# Extracted material
+++++

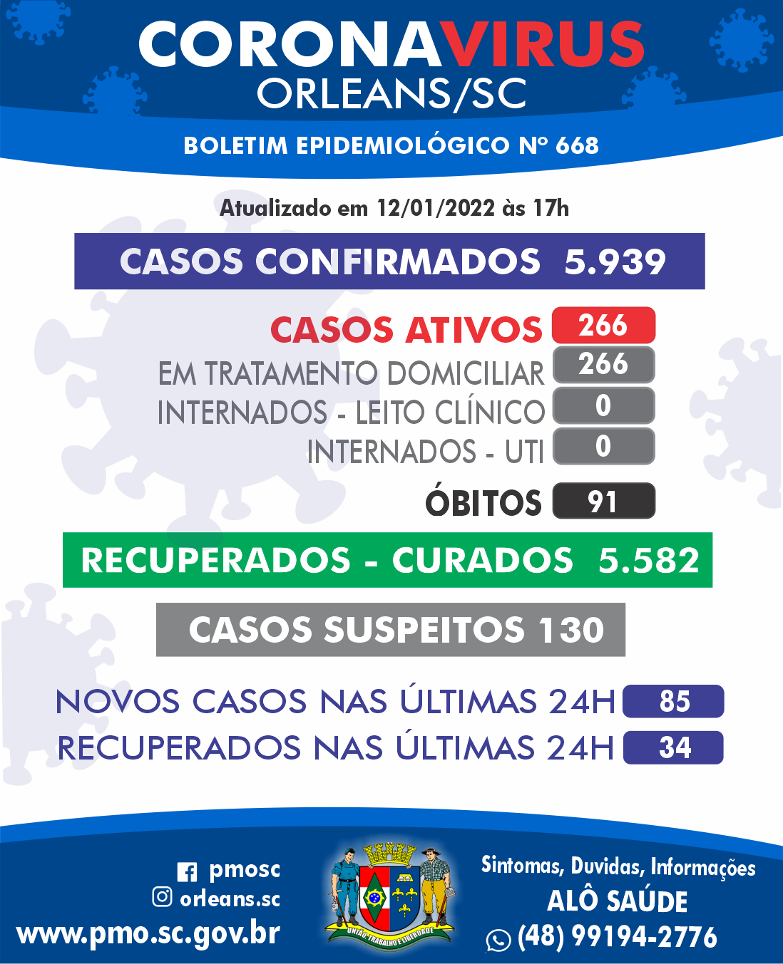 Orleans registrou 266 casos ativos de Covid-19 no município nesta quarta-feira, 12 de janeiro de 2022. Nas últimas 24 horas foram registrados 85 novos casos. Todos os pacientes estão em tratamento domiciliar. Cerca de 34 pessoas foram consideradas recuperadas.
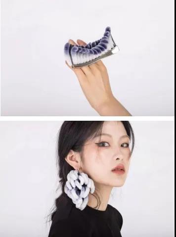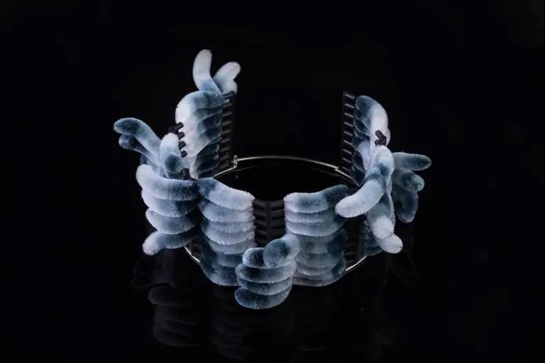 程艷玲的《Rong》系列作品使用的材料正如她使用的材料,皆是rong。她將較為傳統的絨花,與銀和現代的3d打印材料相結合,優化絨花結構的同時,也可以豐富和提高絨花的質感。“設計中延續了絨花一向的風格,但是沒有采用具象的花型,簡化了花的形態;也沒有采用傳統絨花鮮艷的顏色,而是選擇偏灰偏暗色系的絨花;連接方式拋棄了傳統絨花用絲線纏繞的方式,選擇了鑲嵌、榫卯等結構。”
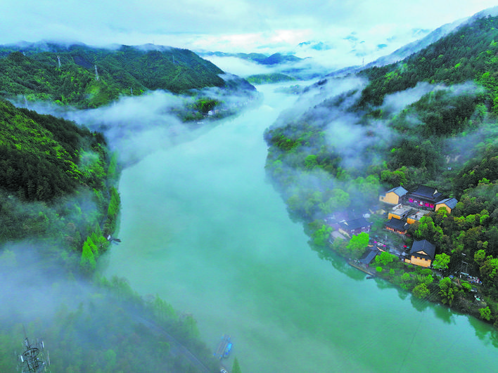 近日,多變的天氣使麗水云和湖出現(xiàn)“奇霧”景觀,沿岸的村莊、樹(shù)木、田野在清晨的薄霧中若隱若現(xiàn),猶如一幅朦朧的山水畫(huà)卷。(劉海波)
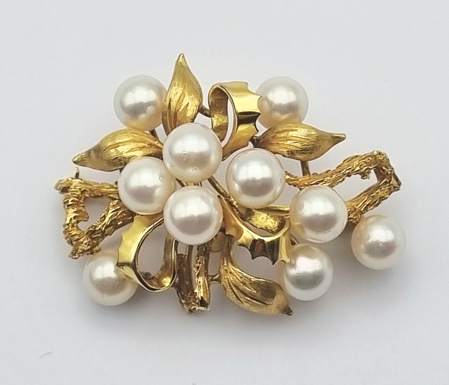 Gouden 14-karaats broche in de vorm van een rijk gedecoreerd bloemboeket, bezet met tien cultivé parels. Het sieraad toont een verfijnde afwisseling tussen gepolijste gouden linten en bladeren met een realistische, gematteerde textuur. Gemerkt 14 karaat goud, datering tweede helft 20e eeuw.
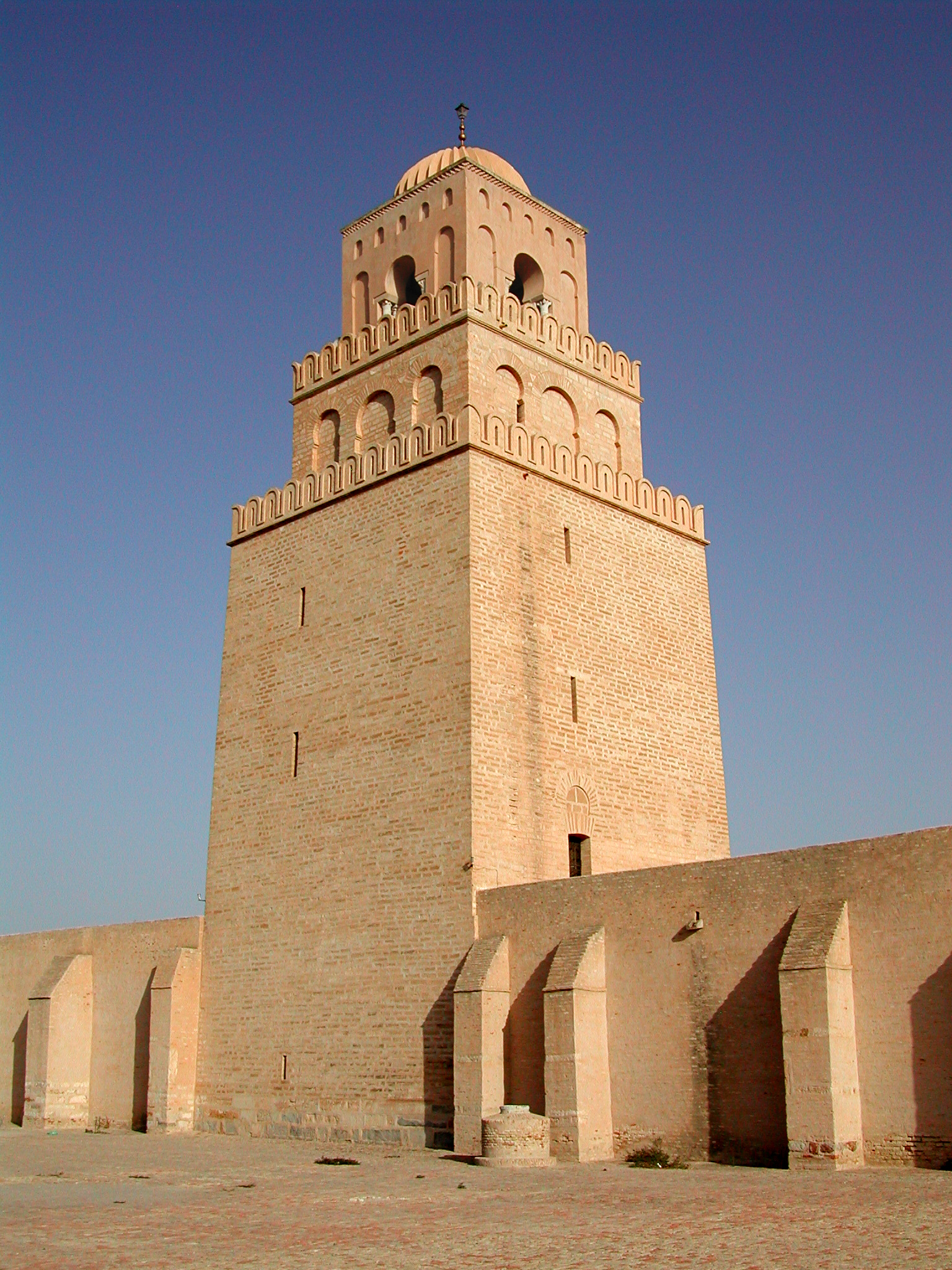 미나렛(첨탑)은 모스크의 일반적인 특징으로, 무아진이 아잔(예배 알림)을 외치는 곳이다. 미나렛은 모스크에서 가장 높은 지점이며, 초기 모스크에는 미나렛이 없었고 예배 알림은 작은 구조물이나 높은 플랫폼에서 이루어졌다.[82] 최초의 미나렛은 9세기 초 아바스 왕조 시대에 등장했으며, 카이루완 대모스크의 미나렛은 836년에 지어진 세계에서 가장 오래된 미나렛 중 하나이다.[83]
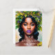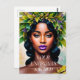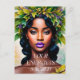 "Tu energía es sagrada" texto emparejado con retratos botánicos vibrantes de una hermosa mujer negra con un pintalabios morado y una corona de hojas inspirada en la naturaleza sobre su cabeza. Arte original de belleza melanina.
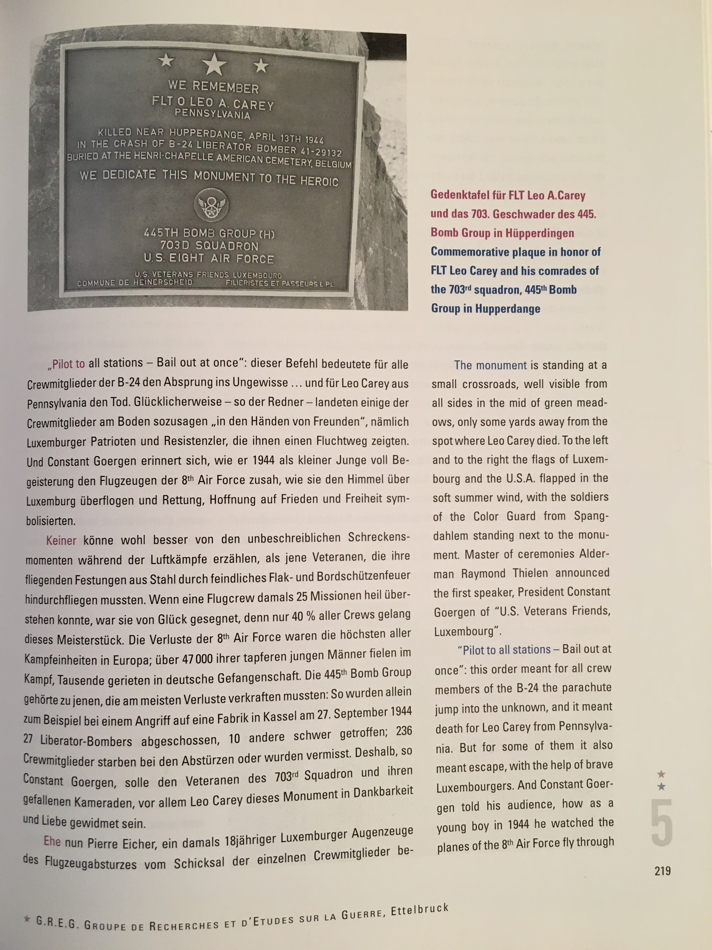 Hupperange_Monument_445th_Bomb_Group_Extrait_Livre_USVFL_Mir_soen_Merci_2002
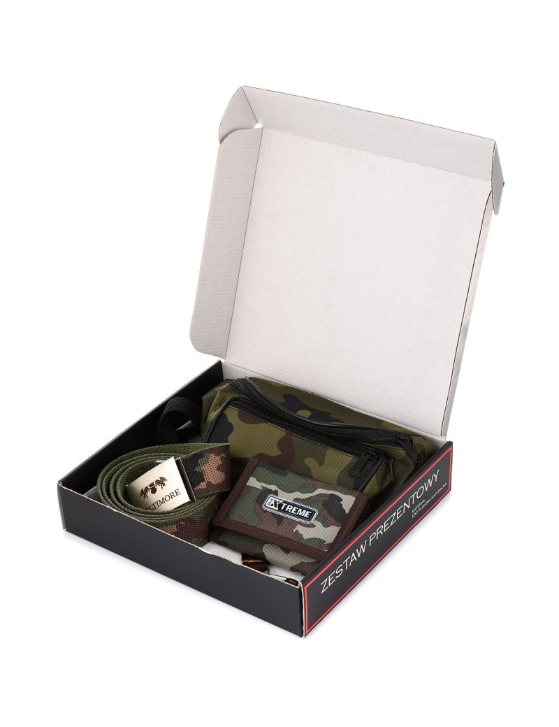 Zestaw męski portfel pasek saszetka moro Beltimore U97
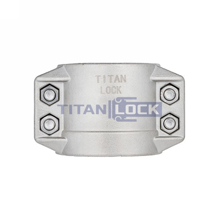Четырехболтовый хомут TL50Х8AL TITAN LOCKсостоит из двух частей, которые соединяются и зажимаются между собой четырьмя болтами.
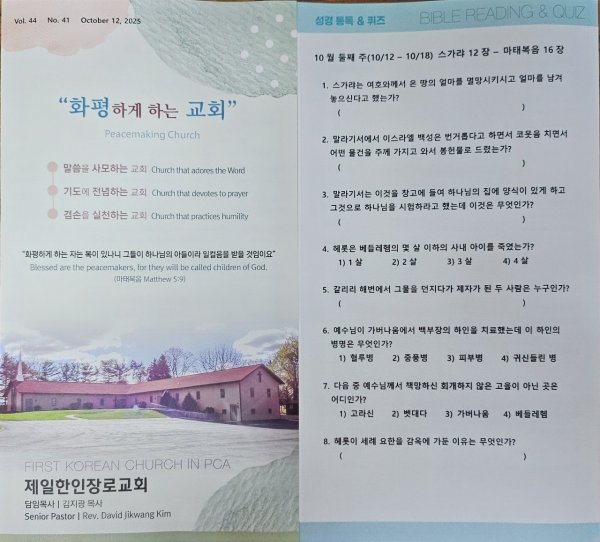 10월12일 주일광고/성경통독퀴즈
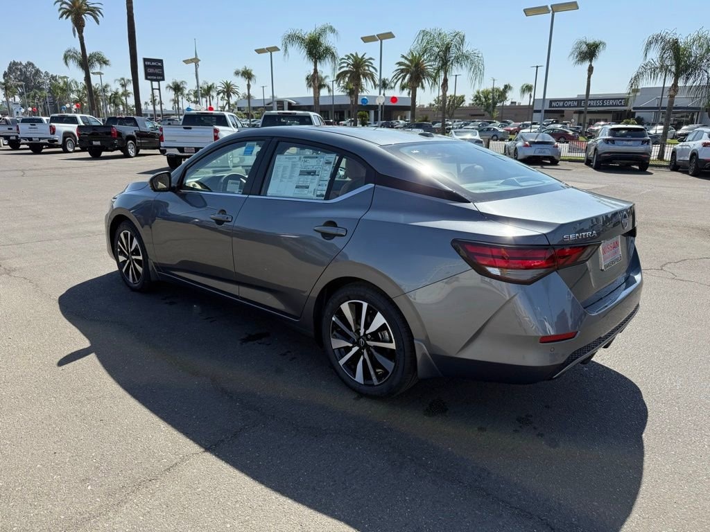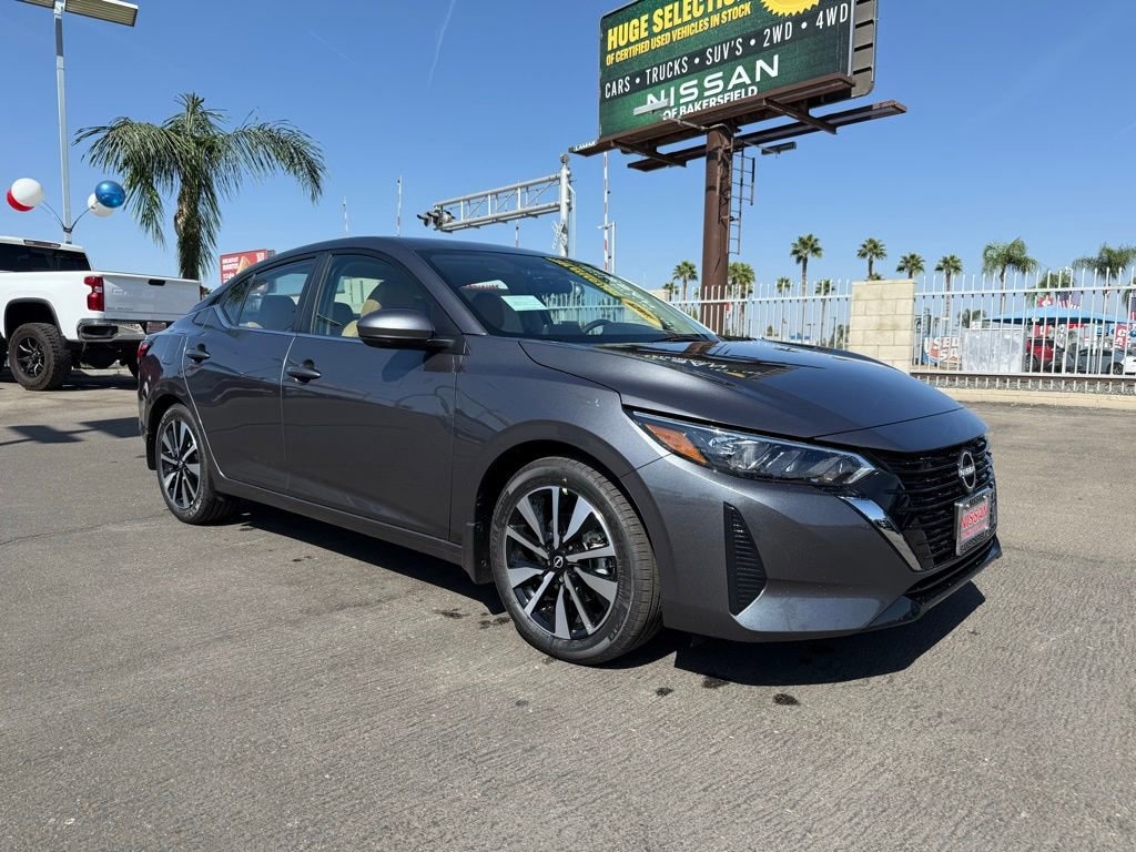 SV Gun Metallic 2.0L I4 DOHC 16 Alloy Wheels, 4-Wheel Disc Brakes, 8 Speakers, ABS brakes, Air Conditioning, Alloy wheels, AM/FM radio: SiriusXM, Auto High-beam Headlights, Blind Spot Warning, Brake assist, Bumpers: body-color, Delay-off headlights, Driver door bin, Driver vanity mirror, Dual front impact airbags, Dual front side impact airbags, Electronic Stability Control, Four wheel independent suspension, Front anti-roll bar, Front Bucket Seats, Front Center Armrest, Front reading lights, Fully automatic headlights, Illuminated entry, Knee airbag, Low tire pressure warning, NissanConnect featuring Apple CarPlay and Android Auto, Occupant sensing airbag, Outside temperature display, Overhead airbag, Overhead console, Panic alarm, Passenger door bin, Passenger vanity mirror, Power door mirrors, Power steering, Power windows, Radio data system, Radio: AM/FM w/RDS/MP3/Aux-In, Rear anti-roll bar, Rear Parking Sensors, Rear side impact airbag, Rear window defroster, Remote keyless entry, Security system, Speed control, Speed-sensing steering, Split folding rear seat, Steering wheel mounted audio controls, Tachometer, Telescoping steering wheel, Tilt steering wheel, Traction control, Trip computer, Upgraded Cloth Seat Trim, Variably intermittent wipers. 30/40 City/Highway MPG Price includes: $500 - Nissan MY25 Sentra Bonus Cash. Exp. 11/03/2025 $750 - Nissan Los Angeles - MY25 Sentra (Excl S) Customer Cash - October. Exp. 11/03/2025
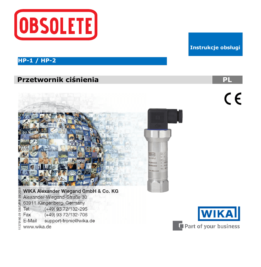 Instrukcje obsługi HP-1 / HP-2 Przetwornik ciśnienia PL Obowiązują aktualne warunki zakupu i dostawy. Szczegóły są dostępne na ... Instrukcje obsługi HP-1 / HP-2 www.wika.de Przetwornik ciśnienia WIKA Alexander Wiegand GmbH & Co. KG Alexander-Wiegand-Straße 30 63911 Klingenberg/Niemcy Tel. (+49) 93 72/132-295 Faks (+49) 93 72/132-706 E-mail [email protected] www.wika.de Spis treści – Spis treści PL Strony 3-17 1. Ważne informacje 2. Szybki przegląd 3. Skróty, znaki i symbole 4. Funkcja 5. Bezpieczeństwo 6. Opakowanie 7. Uruchomienie, obsługa 8. Regulacja punktu zerowego/zakresu 9. Konserwacja, wyposażenie 10. Wykrywanie i usuwanie usterek 11. Przechowywanie, usuwanie 2 PL Instrukcje obsługi WIKA HP-1 / HP-2 1. Ważne informacje PL 1. Ważne informacje Przed zainstalowaniem i uruchomieniem przetwornika ciśnienia należy przeczytać niniejszą instrukcję obsługi. Niniejszą instrukcję należy przez cały czas trzymać w łatwo dostępnym miejscu dla wszystkich użytkowników. Poniższe instrukcje instalacji i obsługi zostały napisane ze szczególną uwagą, jednak uwzględnienie wszystkich zastosowań nie jest możliwe. Niniejsza instrukcja instalacji i obsługi powinna spełniać potrzeby większości zastosowań pomiarów ciśnienia. W przypadku pytań dotyczących konkretnych zastosowań, szczegółowe informacje można uzyskać: ■ Na stronie internetowej www.wika.de / www.wika.com ■ Z karty danych produktu opatrzonej numerem PE 81.29 (HP-1) / PE 81.53 (HP-2) ■ Kontaktując się z firmą WIKA, aby uzyskać dodatkowe wsparcie techniczne (+49) 9372 / 132-295 W przypadku numerów modeli specjalnych, np. HP-20000, należy zwrócić uwagę na specyfikację na dowodzie dostawy. Jeżeli numer seryjny na etykiecie produktu i/lub kod 2D na sześciokątnej naklejce stanie się nieczytelny (np. w wyniku uszkodzeń mechanicznych lub malowania), zwrot urządzenia nie będzie możliwy. Przetworniki ciśnienia firmy WIKA zostały starannie zaprojektowane i wyprodukowane przy zastosowaniu najnowszych technologii. Wszystkie części składowe przed zamontowaniem przechodzą ścisłą kontrolę jakościową i środowiskową, a każde urządzenie przed wysyłką jest dokładnie testowane. Nasz system zarządzania środowiskowego jest zgodny z DIN EN ISO 14001. Ponieważ wszystkie materiały poddawane wysokiemu ciśnieniu podlegają ekstremalnym obciążeniom stała stabilność cyklu obciążeń zapewniona jest w ograniczonym obszarze. Dotyczy to w szczególności zastosowań dynamicznych. Zgodnie z tym części pod ciśnieniem HP-1 / HP-2 są częściami zużywalnymi i nie są objęte gwarancją. Zastosowanie produktu zgodnie z przeznaczeniem HP-1/HP-2: Przetwornik ciśnienia służy do przetwarzania ciśnienia w sygnał elektryczny do zastosowania w ekstremalnie wysokim ciśnieniu > 1000 barów. Wymagana wiedza: Przetwornik ciśnienia należy instalować i uruchamiać jedynie po zapoznaniu się z odpowiednimi przepisami i dyrektywami obowiązującymi w kraju użytkowania i pod warunkiem, że użytkownik posiada wymagane kwalifikacje. Użytkownik musi znać zasady i przepisy dotyczące technologii pomiarowej i kontrolnej oraz obwodów elektrycznych, ponieważ, jak określa norma EN 50178, przetwornik ciśnienia stanowi „sprzęt elektryczny”. W zależności od warunków pracy danego systemu, należy posiadać odpowiadającą wiedzę, np. dotyczącą mediów agresywnych lub wysokiego ciśnienia. Instrukcja obsługi WIKA HP-1 / HP-2 3 2. Szybki przegląd / 3. Skróty, znaki i symbole / 4. Funkcja PL 2. Szybki przegląd Jeżeli użytkownik chce dokonać szybkiego przeglądu, powinien przeczytać rozdziały 3, 5, 7 i 11. Uzyska tam kilka krótkich instrukcji dotyczących bezpieczeństwa oraz ważne informacje odnośnie produktu i jego uruchomienia. Należy przeczytać podane rozdziały w każdym przypadku. 3. Skróty, znaki i symbole Ostrzeżenie Ostrzeżenie Potencjalne zagrożenie życia lub ryzyko ciężkiego uszkodzenia ciała. Uwaga, ważna informacja, awaria. Wyrzucane części przyrządu (katapultowane) stanowią potencjalne zagrożenie życia lub ryzyko ciężkiego uszkodzenia ciała. Produkt jest zgodny z odnośnymi dyrektywami europejskimi. Gorące powierzchnie stwarzają potencjalne ryzyko poparzenia Uwaga 2-przewodowy 3-przewodowy UB S+ 0V Dwie linie podłączenia są przeznaczone do zasilania elektrycznego. Prąd zasilania jest sygnałem pomiarowym. Dwie linie podłączenia są przeznaczone do zasilania elektrycznego. Jedna linia podłączenia służy jako sygnał pomiarowy. Zasilanie dodatnie Dodatnie przyłącze pomiarowe Zasilanie ujemne 4. Funkcja Ciśnienie panujące w systemie jest przekształcane w znormalizowany sygnał elektryczny poprzez ugięcie membrany, która działa na element sensora za pomocą zasilania elektrycznego podłączonego do przetwornika. Sygnał elektryczny zmienia się proporcjonalnie do ciśnienia i może być odpowiednio oszacowany. 4 Instrukcje obsługi WIKA HP-1 / HP-2 5. Bezpieczeństwo PL 5. Bezpieczeństwo Przed zainstalowaniem i uruchomieniem aparatu należy wybrać odpowiedni przetwornik ciśnienia, w odniesieniu do zakresu skali, wydajności i określonych warunków pomiarowych. Ostrzeżenie ■ Należy przestrzegać odpowiednich przepisów krajowych (np. EN50178) oraz odnośnych norm i dyrektyw dotyczących specjalnych zastosowań. W przypadku nieprzestrzegania odpowiednich przepisów mogą wystąpić poważne uszkodzenia i/lub zniszczenia! ■ Przyłącza ciśnieniowe należy otwierać wyłącznie po dekompresji systemu! ■ Należy upewnić się, że przetwornik ciśnienia cały czas stosowany jest wyłącznie przy zachowaniu wartości progowych przeciążenia! ■ Należy zwrócić uwagę na warunki otoczenia i pracy podane w rozdziale 7. „Dane techniczne”. ■ Należy upewnić się, że przetwornik ciśnienia jest obsługiwany jedynie zgodnie z przepisami, czyli tak, jak podano w niniejszej instrukcji. ■ Nie n
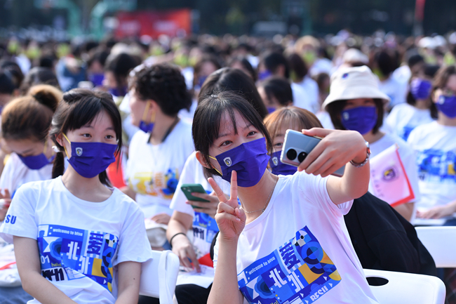 風和日麗,金秋朗朗。2022年9月3日,北京外國語大學2022級新生開學典禮在東校區體育場隆重舉行。3008名新同學加入北外大家庭,開啟人生新征程。
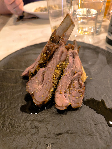Read moreVisitato più volte per cenare. Posto dal design minimalista, soffitti alti, alcune piante, buona pulizia; questo però significa un locale con un rimbombo tale da fare fatica a parlarsi allo stesso tavolo: troppo rumore. Servizio buono, tempi adeguati, menu completo anche se ridotto a causa covid. Antipasti tutti buoni, affettati vari e di qualità, fritti fatti bene. Primi: non consiglio i risotti a mio parere eccessivamente cotti. Secondi: purtroppo la fiorentina è stata una delusione, molto asciutta e dura ed a tratti carbonizzata; ho fatto notare la cosa al servizio in sala e siamo rimasti 25 minuti ad attendere una risposta che non è arrivata, al che abbiamo chiesto il conto che è arrivato a cifra piena. (Qui errore mio perché non mi sono lamentato appena mi è stata servita e in cassa non abbiamo detto più nulla, però ritengo serva un po di onestà da parte di chi cucina nel controllare di non far uscire una pietanza che è evidentemente bruciata) Non sto dicendo fosse incommestibile poiché la abbiamo mangiata, ma assolutamente non valeva gli 88€ di listino per 1.1kg da cruda. Eravamo seduti davanti alla griglia e ho potuto vedere le carni cotte a fiamma viva per tutto il tempo che prendevano fuoco a tratti spargendo odore di bruciato (i vestiti il giorno dopo hanno ancora odore). Gli altri tagli di carne provati in passato e dai miei commensali erano buoni, ma con qualche simile...

+++++

# Goal of the exercise
Set down word for word the lines above from the one with "Zestaw męski portfel" up to and including the one with "10월12일 주일광고/성경통독퀴즈". Omit every picture.

# Solution for this exercise
 Zestaw męski portfel pasek saszetka moro Beltimore U97
Четырехболтовый хомут TL50Х8AL TITAN LOCKсостоит из двух частей, которые соединяются и зажимаются между собой четырьмя болтами.
 10월12일 주일광고/성경통독퀴즈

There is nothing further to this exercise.